There is much more detail now, and more recognisable elements. It’s a wonderful record of what the major sites were then – sites which nowadays hardly exist, or exist as ruins. Artenay, for example, is Ardintenant Castle, now one of the ruins of what was once a string of O’Mahony Castles. Ardintenant was the home of the Taoiseach, or clan chief, which is why it would be marked on the map. Other O’Mahony Castles are Dunmanus (Donemay) and Dunlough (Dow lough). The chief residence of the O’Driscoll clan is marked as C Perles – to this day, Baltimore is named in Irish Dún na Séad, Fort of the Jewels. Territories of the McCarthy’s, the O’Donovans, Sir Peter Carew and O’Mahonys are given, but also an O’Coner clan, about whom I have no knowledge.

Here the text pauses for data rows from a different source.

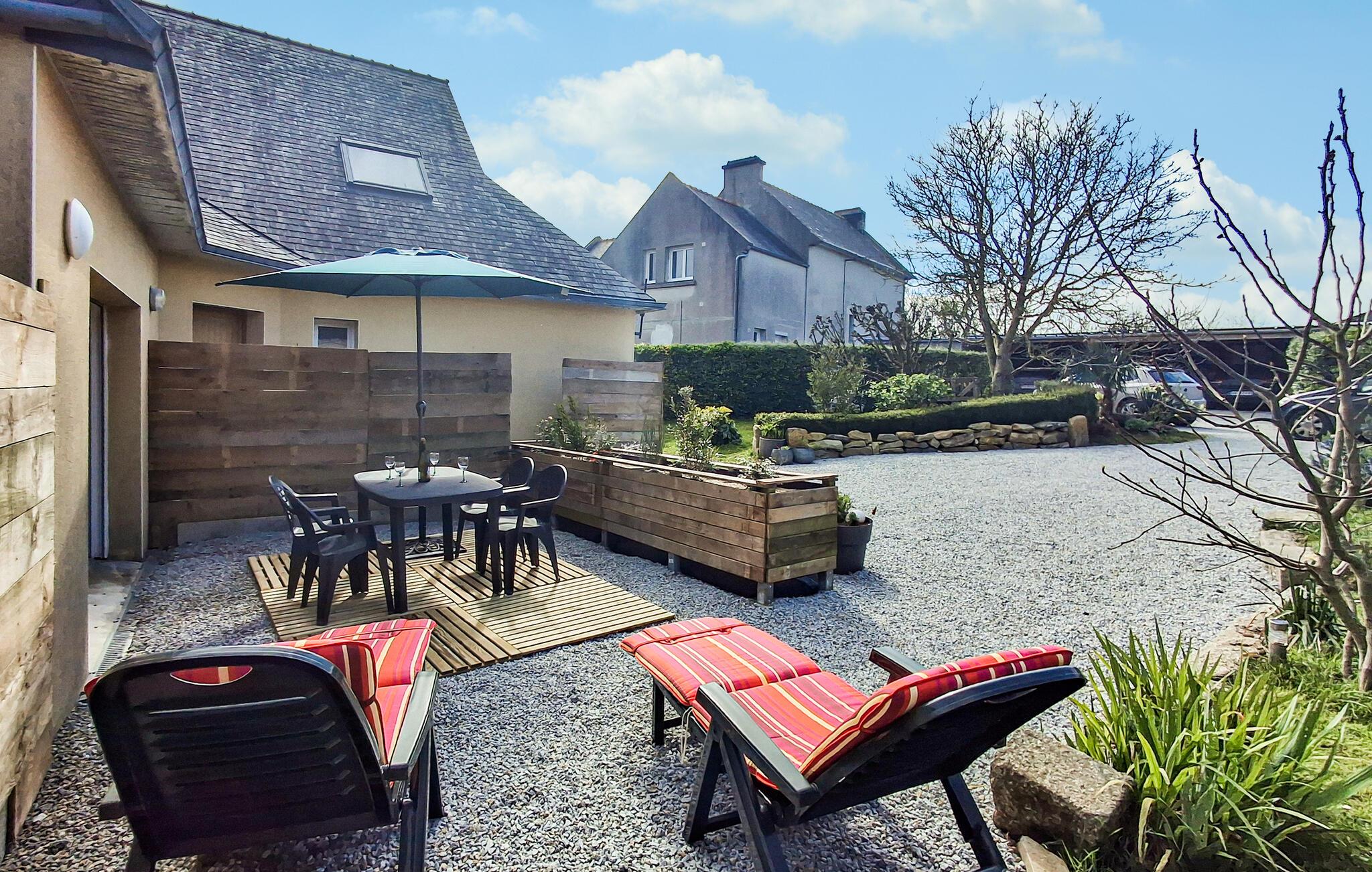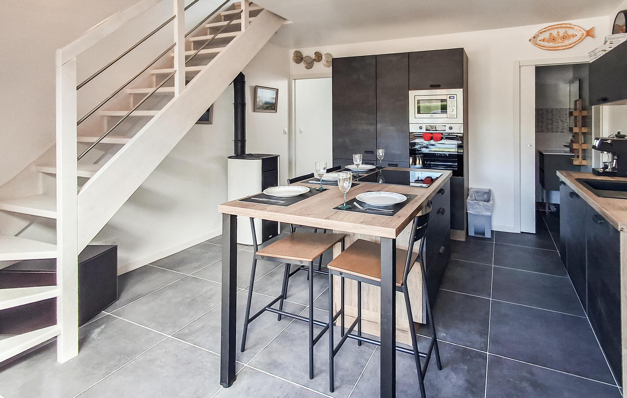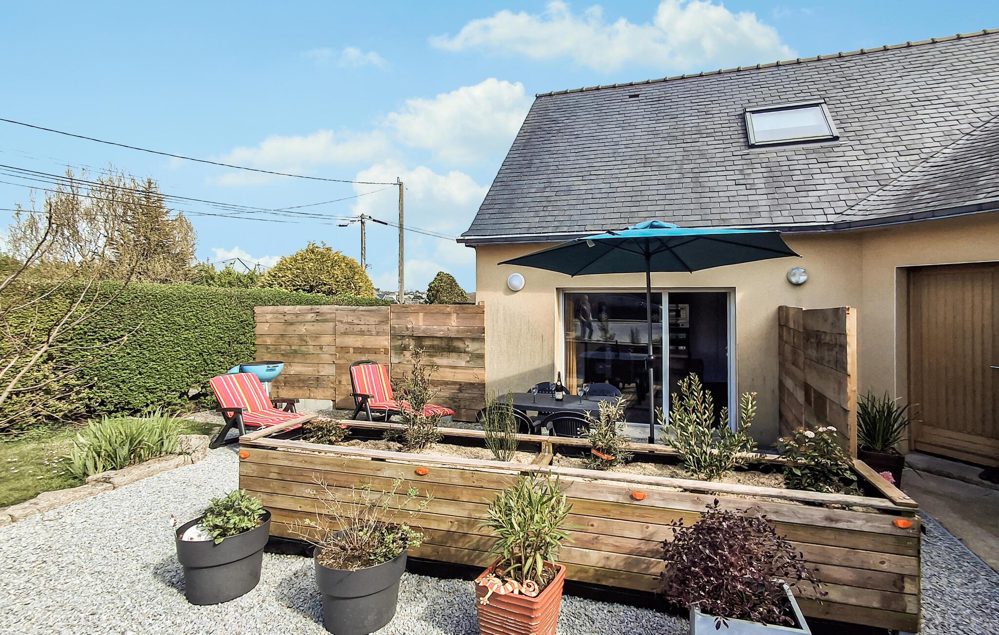 Dette smagfulde feriehus ligger kun en kort gåtur fra de smukke badeområder i Aber Benoît og lover en stille og alligevel begivenhedsrig pause med venner eller familie. Tilbered lækre retter i det moderne køkken og tag plads ved det stilfulde spisebord. Efter en lang dag kan I finde jer tilpas i den hyggelige stue og nyde et brætspil eller en god læsning.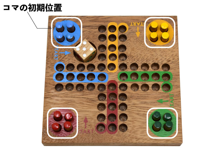 ルドーのコマは1人4つあり、すべてをゴールさせた人が1位となります。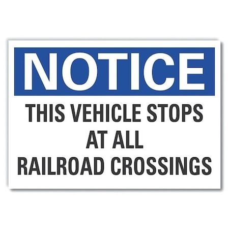 Notice Sign, Vertical Rectangle, Number of Printed Sides 1, English, Sign Format Traditional OSHA, Sign Legend This Vehicle Stops At All Railroad Crossings, Sign Legend Background Color White, Sign Legend Style Text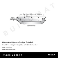 Metlam 900mm Anti-Ligature Straight Grab Rail In Satin Stainless Steel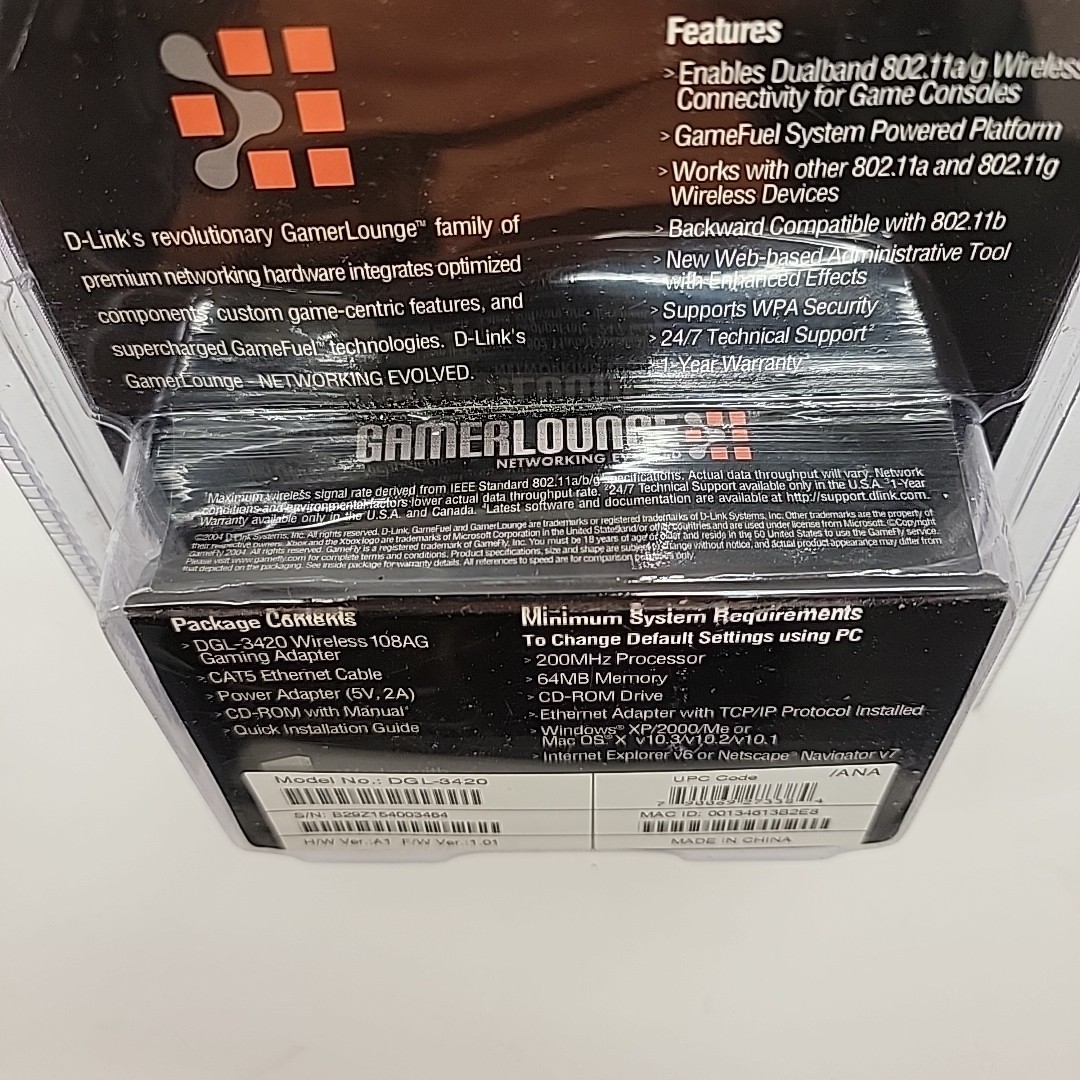 D-Link Wireless 108AG Gaming Adapter Model DGL-3420 H/W Ver A1 Open Box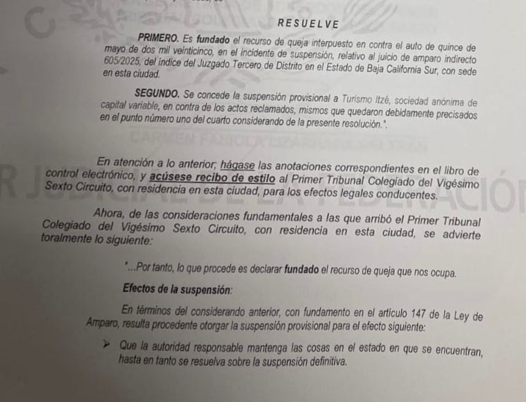 Dicho amparo recayó en el listado del Juzgado Tercero en materia mixta del Poder Judicial de la Federación en Baja California Sur (BCS). Ahí, el juez negó la suspensión del acto por lo que el representante legal de Turismo Itze de SA acudió al recurso de queja, mismo que se enlistó en el Primer Tribunal Colegiado de Circuito de BCS, en el que los magistrados resolvieron la queja y otorgando la suspensión a la empresa Turismo Itze de SA, esto se notificó desde el 22 de mayo al juez tercero de distrito, con esto Grupo Vidanta retoma la seguridad del camino que arbitrariamente se abrió por autoridades de diversos órdenes de gobierno.

What else do you recognise?

There are many more maps to explore but not all are free to download. One of the most intriguing is Jobson’s map of Munster, done for Lord Burleigh in 1589 and collected by George Carew. Although I can’t reproduce it here, you can view the complete map in the Trinity Digital collection. I can show you here a small section that I came across elsewhere – I like this because it shows the Sheep’s Head with the word ‘Rymers” across it. This, of course, is a reference to the O’Daly family, hereditary bards to the O’Mahonys and other families, and who had a Bardic School on the Sheep’s Head.